Alexander the Great

Tired of the perma-hunchback look? Give the Alexander technique a go.

Before you read this article stop and look at how you’re sitting. The chances are your tummy muscles are loose, your shoulders are hunched forward and your legs are crossed.

OK, now uncross your legs, sit up straight and hold your shoulders back. How does that feel? Weird, but nice probably. If you check yourself again in a few minutes, however, you’ll probably have slipped back to where you started.

Don’t worry, we all have a tendency to be slack about posture. The problem is that over the years our bodies adopt all sorts of lazy habits that actually make us more prone to injury, aches and pains. This is where the Alexander technique can help.

What is it? The Alexander technique is a method of postural awareness that teaches people to become more in tune with the way their body moves. Devised by Frederick Matthias Alexander, an Australian actor who suffered stress-induced breathing problems, this method consists of re-educating the body to achieve postural harmony. Nowadays the most common reasons people take it up are back and joint problems.

Sessions are soothing and calming, so don’t expect to get sweaty or achieve a gym-style afterglow. First, a teacher will assess your posture and how you move about. Then, over a number of lessons he or she will teach you how to sit up straight, walk without hunching over and educate you about other techniques that will improve balance and co-ordination and relieve pressure on the spine.

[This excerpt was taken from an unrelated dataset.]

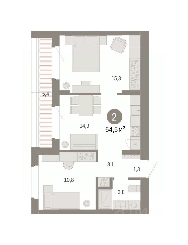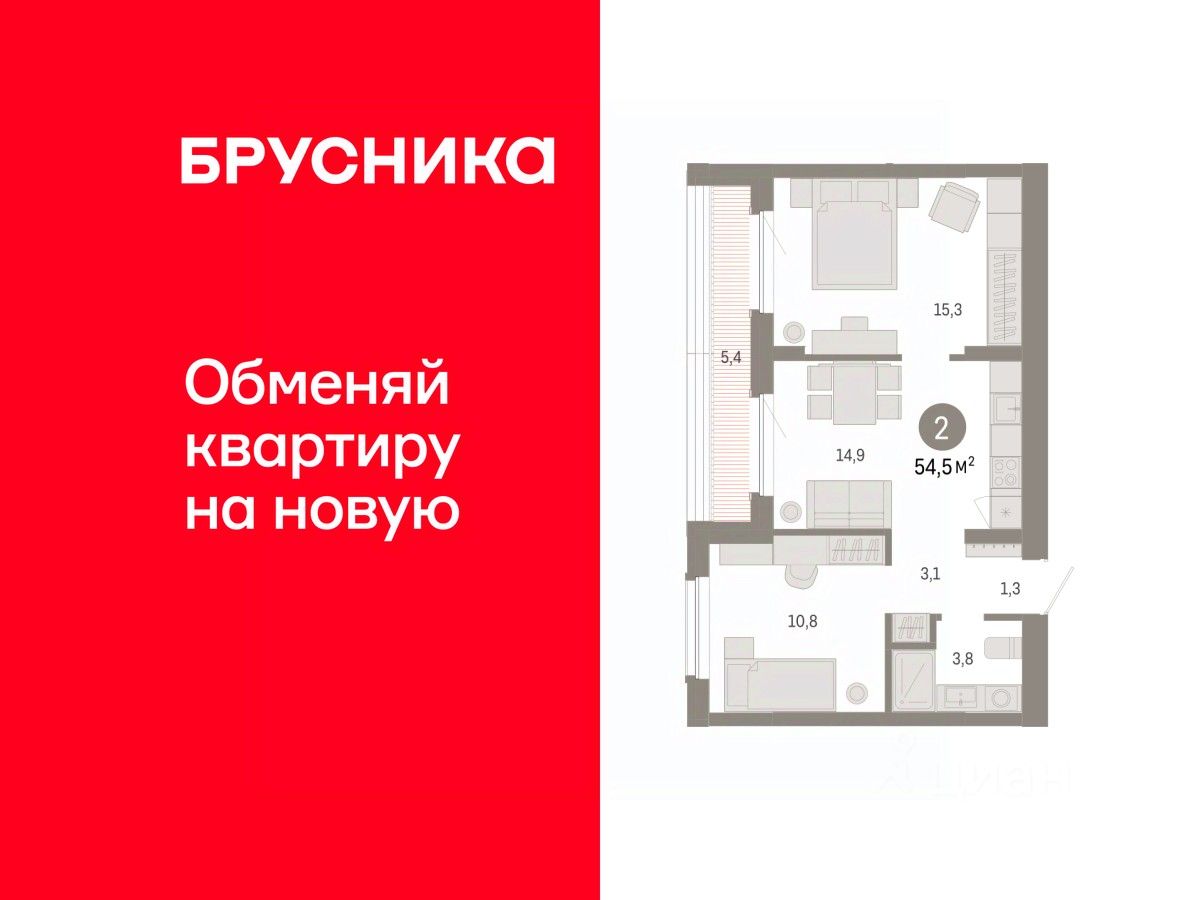 Квартира с кухней-гостиной и двумя спальнями в Кварталах Драверта. Особенности планировки: предчистовая отделка, разнесённые спальни, терраса на крыше.

One key point, for example, is learning how to loosen your neck so that your head extends gently forward. This movement results in a natural lengthening of the spine, which releases muscles and joints all over the body so that alignment is improved. This minor shift in how you carry yourself allows you to move your limbs more fully and helps you to breathe more easily under pressure.

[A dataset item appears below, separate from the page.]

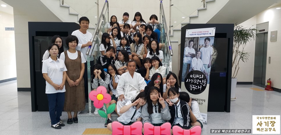 - 2018년 문화재청 전수교육관 활성화 사업 [사기장전수관 자유학기제 10차 수업] "국가무형문화재 백산 김정옥 사기장(영남요)과 함께하는 미래의 사기장인을 꿈꾸다!" 문경여중학교 1학년 5반

‘The head weighs about ten pounds so places a tremendous load on the rest of the body,’ says a leading Alexander practitioner, Malcolm Balk. He adds that if you sit staring down at your keyboard all day with your head hanging forward, you put extra strain on the spine to support it. According to Balk, if you walk or run with your head tilted slightly upwards, as most of us do, you will be compressing the vertebrae in your neck causing stiffness and pain.

Try these moves:
The Alexander technique is ideally taught on a one-to one basis, but these simple moves will give you an idea of what to expect during a session.

  1. Stand upright so your head is centred over your shoulders. Allow your head to roll forwards gently on the very top of your spine. Notice that this helps to release tension in the muscles in the back of your neck. Think of gently stretching your neck throughout the day and practice this whenever you can for as long as you can, starting with one minute and building up to a few minutes.
  2. To lengthen your neck and spine, lie on the floor face-up with your legs bent, feet drawn up near your bottom and your hands resting in your lap. Prop your head on a pile of books, about 3 inches high for five to 15 minutes. Focus on relaxing from head to toe and press your back gently into the floor. When you get up, stand still for a moment to re-establish the natural curve of your spine, but don’t arch your back. Repeat this exercise whenever your back feels tired and stiff or when you have been hunched over your desk all day.